DATA EXTRACT: Begin

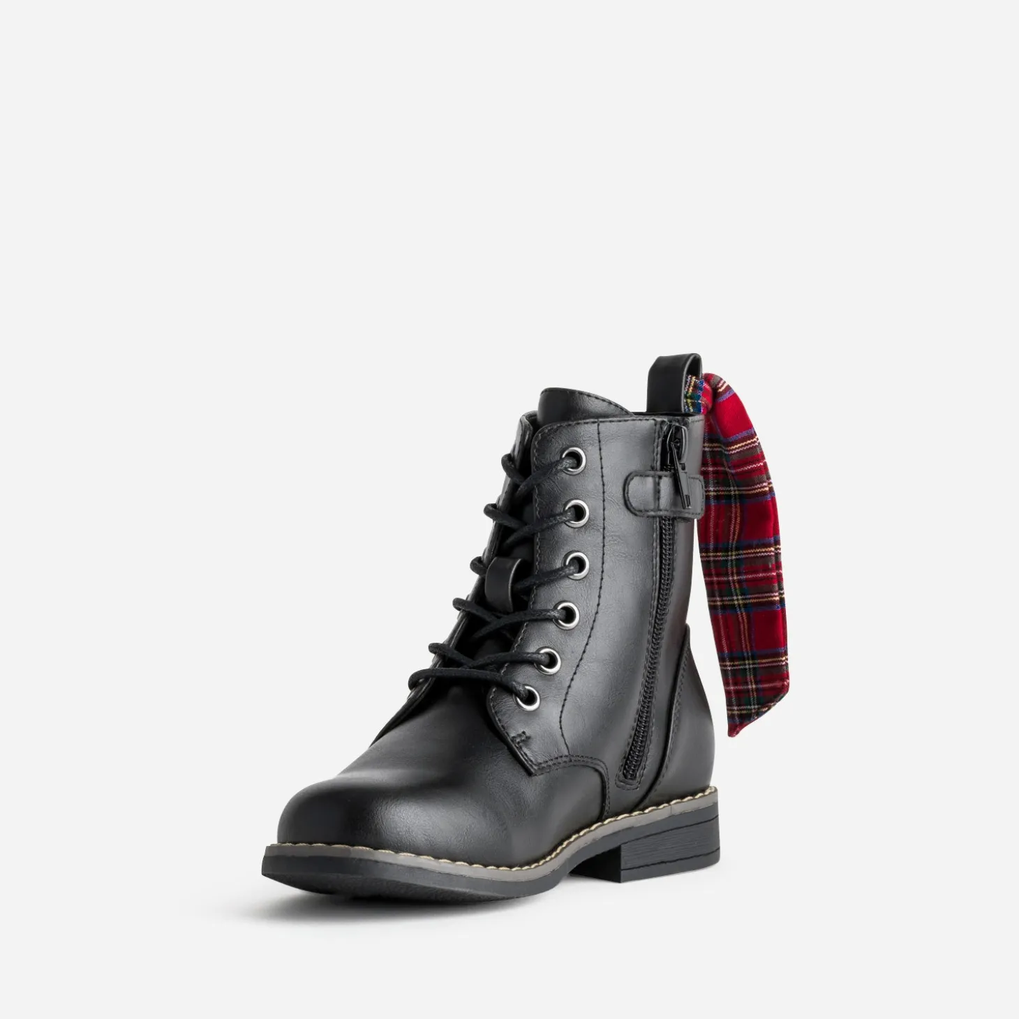 Celle que votre fille ne va pas quitter de si tôt, c’est la bottine. En cuir noir, elle monte au-dessus de la cheville et se ferme par un lacet, renforcé par un zip intérieur. Son détail qui change tout ? Des rubans amovibles, écru à motif léopard ou rouge à motif tartan, à nouer, ou pas, à l’arrière de la tige. Un modèle facile à associer avec ses looks de rentrée et de plein hiver.
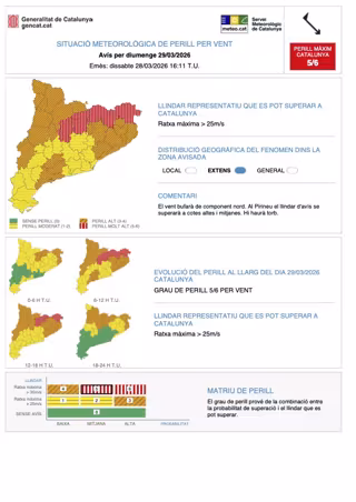 El viento se prevé en Catalunya en general, y este domingo se pueden superar los 100 km/hora, según informa el Meteocat vía X.
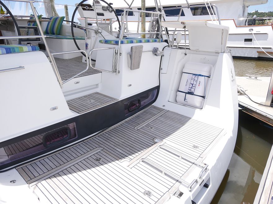 Helm visibility is good from either station. Controls are within reach. For owners who enjoy sailing as much as anchoring, she offers enough engagement without excessive workload.
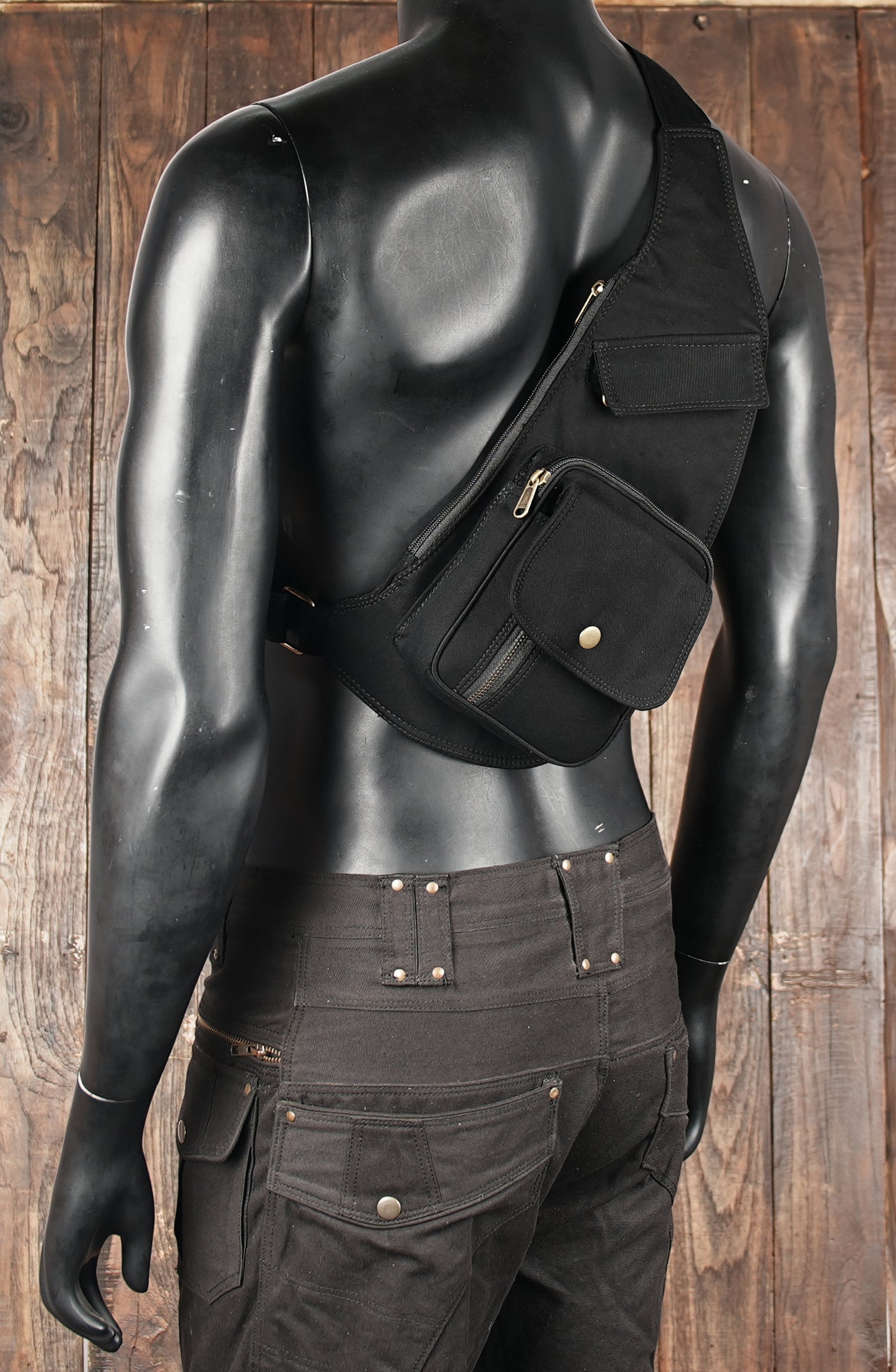 Unisex Cotton Canvas Shoulder Sling Bag – Crossbody Travel & Everyday Chest Bag (CTN-AB-SB-1002) - Black / Free Size
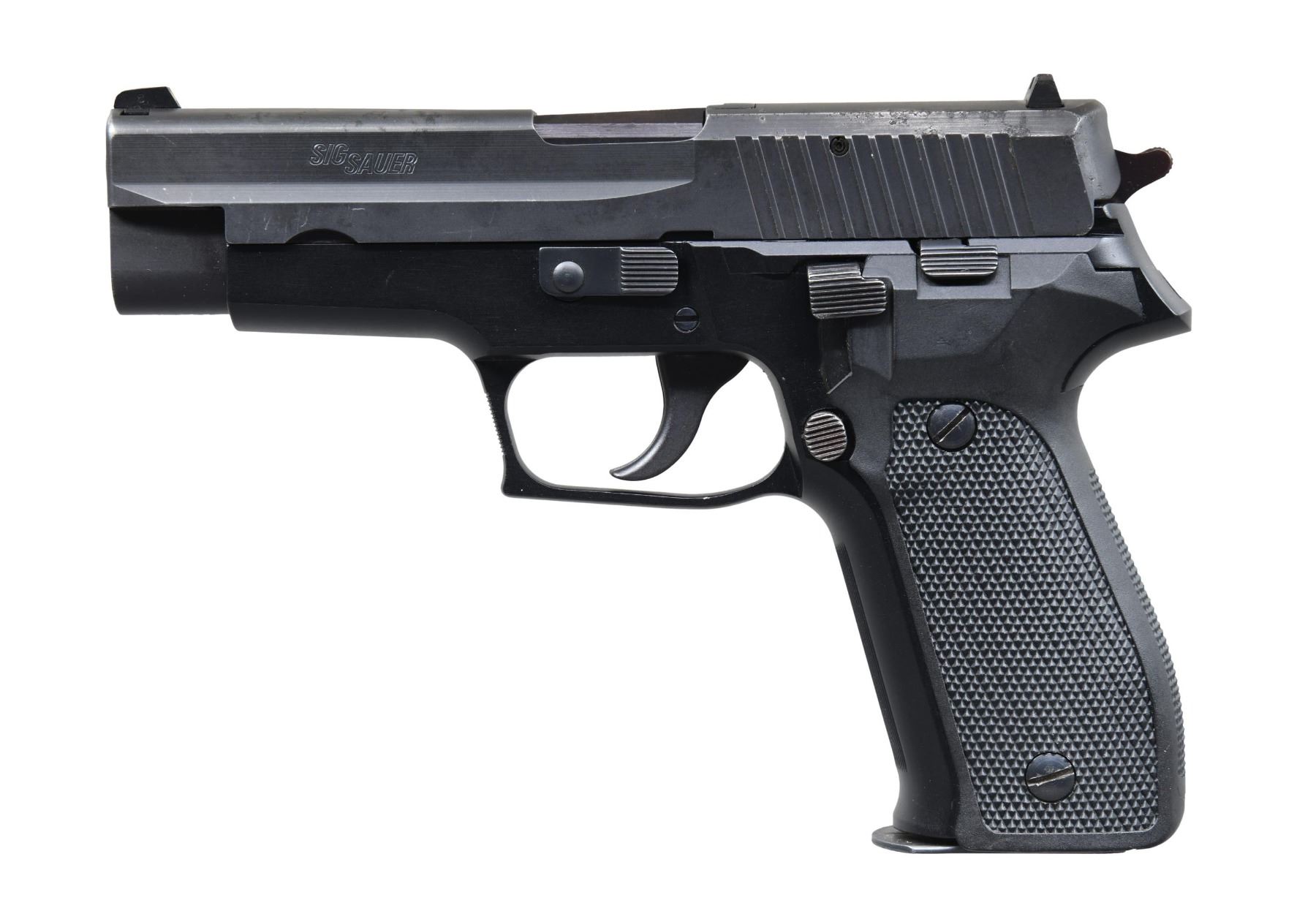Cal. 9mm Para. S# U123723. Mfg. 1985 w/ "JF" Kiel, West German Nitro proofs & Imported by Sigarms Inc. of Tysons Center, VA . Matching numbered 4.4". Matte black steel slide with white dot & bar sight set. Black alloy receiver w/ black plastic grips. MAGS: 2 - 15 rd. CONDITION: very good overall with areas of cleaning pitting along top edges of slide on both sides. Very good bore. (25-3242/MD). MODERN. $400-600.
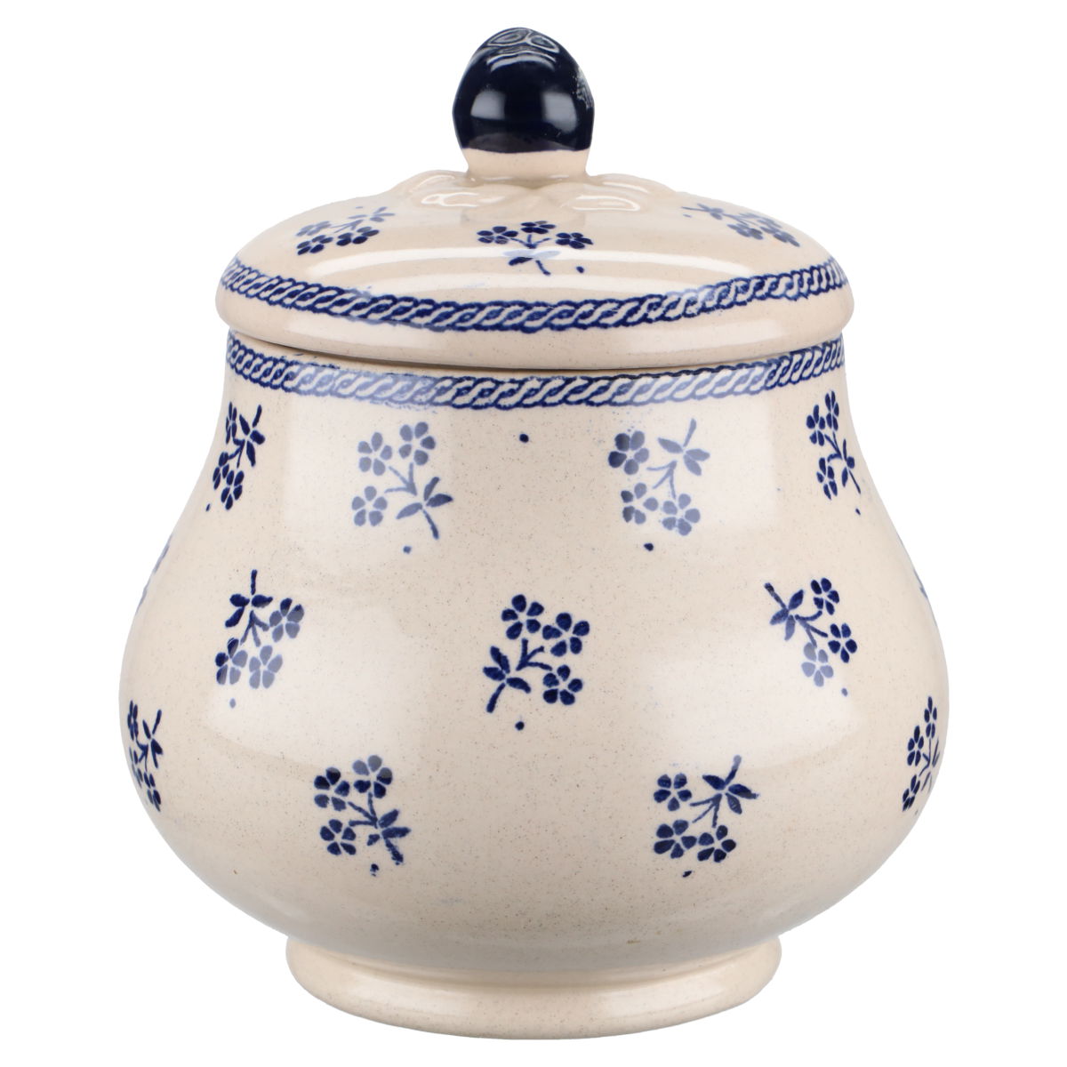 Zuckerdose mit blauen Knauf
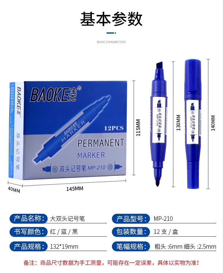寶克(BAOKE) MP-210 油性大雙頭記號筆 12支/盒(藍色)
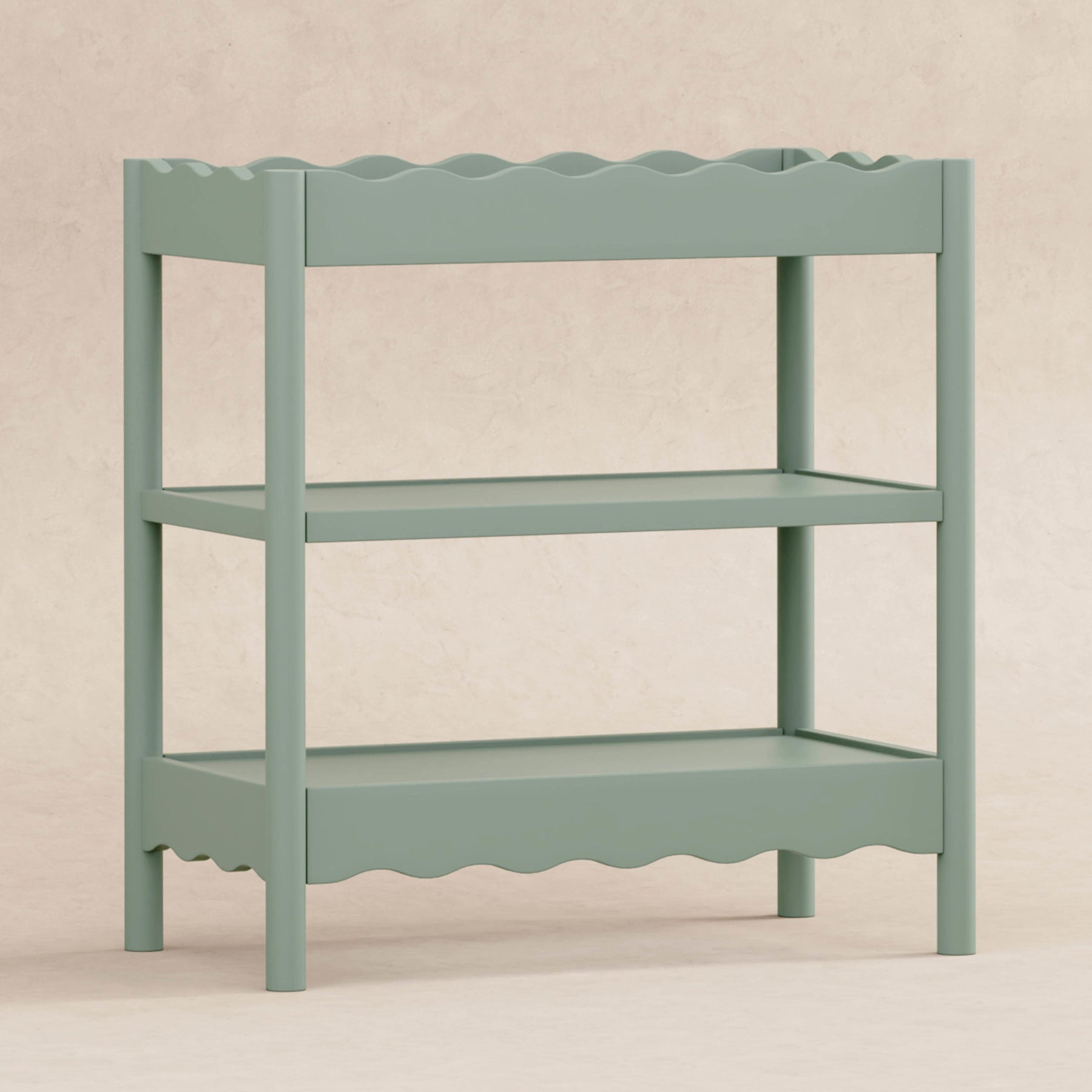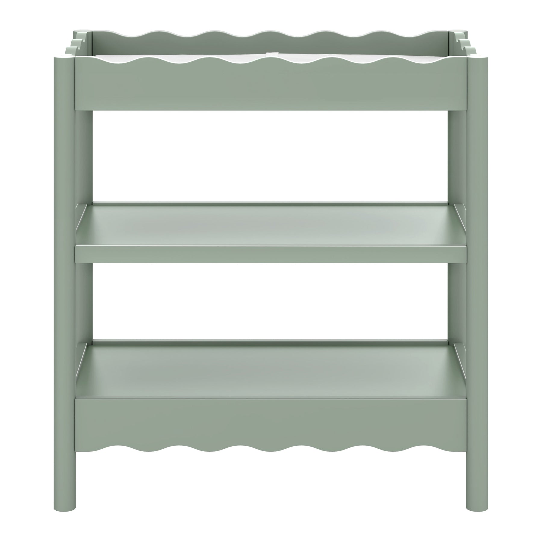 With rounded posts and wave-like edges, the Swell Changing Table has a modern appeal with an ocean-inspired design that pairs perfectly with your Swell Crib. It features two spacious, open shelves to keep all your baby’s diaper changing needs within easy reach for convenient changings.
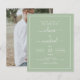 Budget Sage Green Wedding Primavera ou Summer Photo on Back Wedding Invtions - inclui uma bela e elegante tipografia de roteiro com uma cor simples e clássica moderna para a celebração especial do dia do casamento.
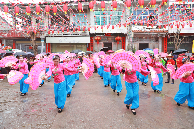 当天,记者在长长的游街表演队伍中看到,最吸引人们眼球的要数舞龙队,数条长龙盘旋跳跃,时而朝人群颔首,时而调皮地冲向人群。另外,还有富有节奏感的调声表演、充满喜庆的腰鼓响个不停,以及身穿鲜艳服装、脸上涂着胭脂的大妈们踩着高跷,一路唱着欢快的调声歌舞。具有特色的“花木兰从军”“牛郎织女”“梁祝化蝶”等角色,个个扮相生动,霓裳飘飘、盔甲闪闪,引来大批居民游客前来观看,沉醉其中,流连忘返。
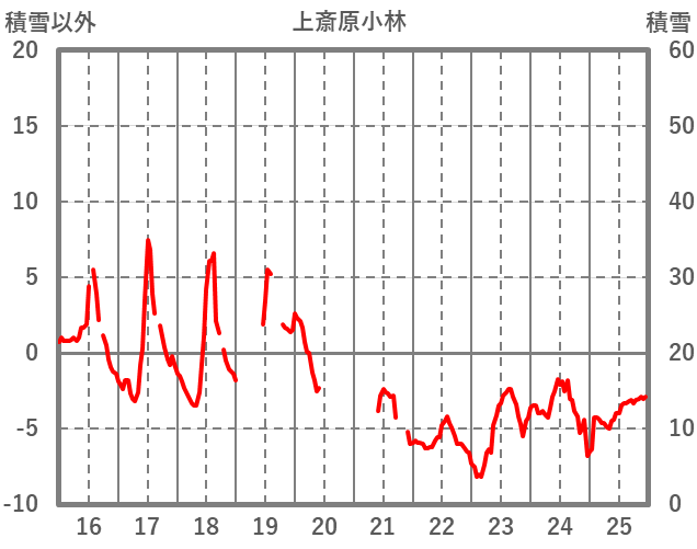 | 日 | 時 | 気温 | 降水 | 風向/風速 | 日照 | 積雪 | 降雪 |
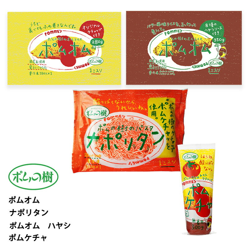 【送料無料/一部地域除く】 内容量:ポムの樹の ポムオム1袋280g×【1袋】+オムハヤシ 1袋350g×【1袋】+ナポリタン1袋250g×【1袋】+ポムケチャ300g×【1本】のセット --------------------------------------------------- 【ポムオム】ポムの樹のベーシックスタイルオムライス。 ポムの樹のオムライスの中で一番よく売れ...
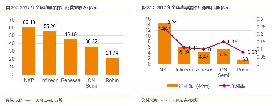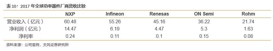 NXP’s revenues ranked first in the global power device market in 2017. Operating income was 6.548 billion yuan, net profit was 1.447 billion yuan, and net profit margin was 0.24. Infineon ranked second, with operating income of 5.526 billion yuan, net profit of 619 million yuan, and a net profit margin of 0.11.
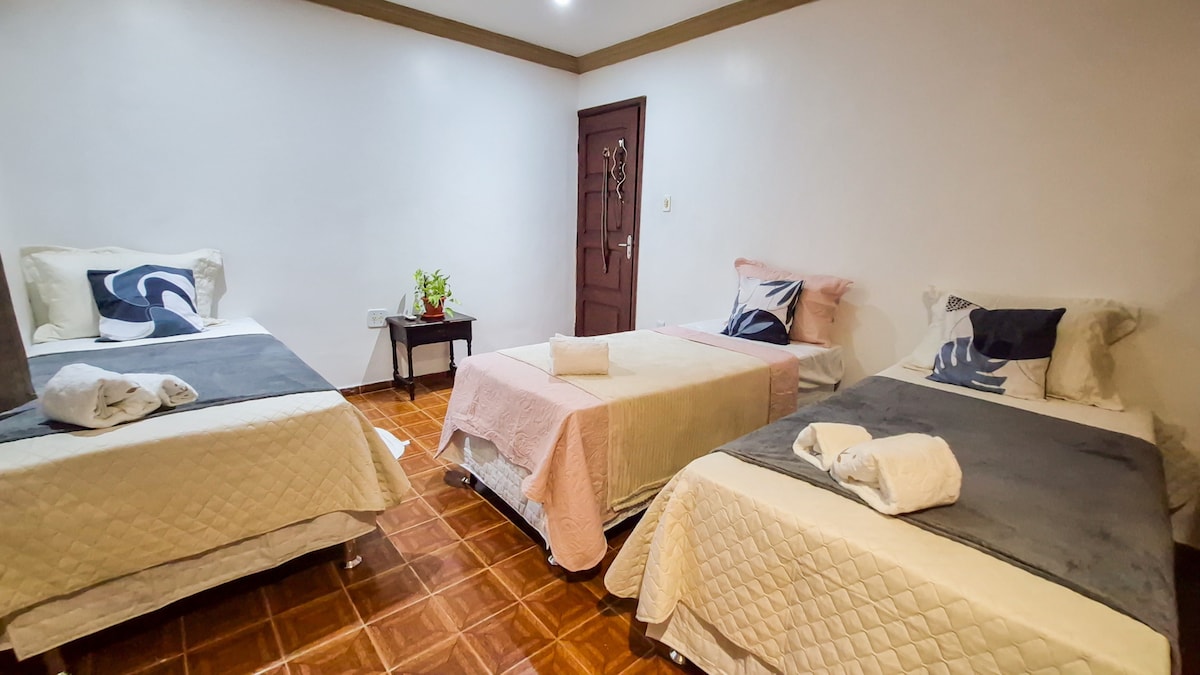 Quarto, banho quente, 3 Camas Aeroporto a 4 min

DATA EXTRACT: End

▶ _WHAT TO PRODUCE_: Make an exact copy of the lines above, beginning with the line with "El viento se" and ending with the line with "Unisex Cotton Canvas", and keep the pictures out of it.

▶ _RESULT BELOW_:
 El viento se prevé en Catalunya en general, y este domingo se pueden superar los 100 km/hora, según informa el Meteocat vía X.
 Helm visibility is good from either station. Controls are within reach. For owners who enjoy sailing as much as anchoring, she offers enough engagement without excessive workload.
 Unisex Cotton Canvas Shoulder Sling Bag – Crossbody Travel & Everyday Chest Bag (CTN-AB-SB-1002) - Black / Free Size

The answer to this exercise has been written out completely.